Storing a bottle, corked and in the refrigerator, usually doesn’t result in drinking actual vinegar a day or three later, but you can certainly taste the difference. A large part of this is due to oxygen reacting with your wine: letting a red wine breathe for a bit helps to tone down the harsher tannins, but anything beyond that just erodes the flavor and turns the wine acrid.
Letting half of a good, not to mention expensive, bottle go to waste in this way is nothing short of a tragedy.
There’s no need to suffer, though. As long as you suck most of the air out of the bottle before sealing it, it should last just fine in a cold, dark place. How long you have to drink it depends on the kind of wine, but you can count on it remaining palatable for anything up to two weeks.
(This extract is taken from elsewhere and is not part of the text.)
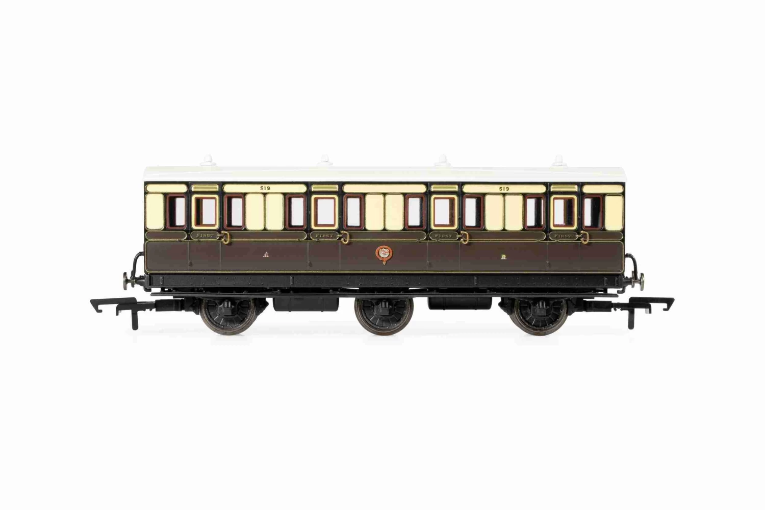 Hornby R40304 GWR, 6 Wheel Coach, 1st Class, 519 – Era 2/3

To use it, simply place one of the special rubber stoppers in the neck, fit the pump over it and work the handle until you hear a clicking sound, which indicates that enough air has been removed. To open later, just nudge the center part of the stopper to one side – you can actually hear the air hissing back into the bottle.
There are several similar products out there, including electric ones (though pushing the plunger is hardly manual labor). Vacu Vin is the best-known and most reliable brand, though, while many competitors disappoint in one way or another. Considering how much money a gadget like this can save you in the long run, it’s certainly worth it to pay a little more for quality in this case.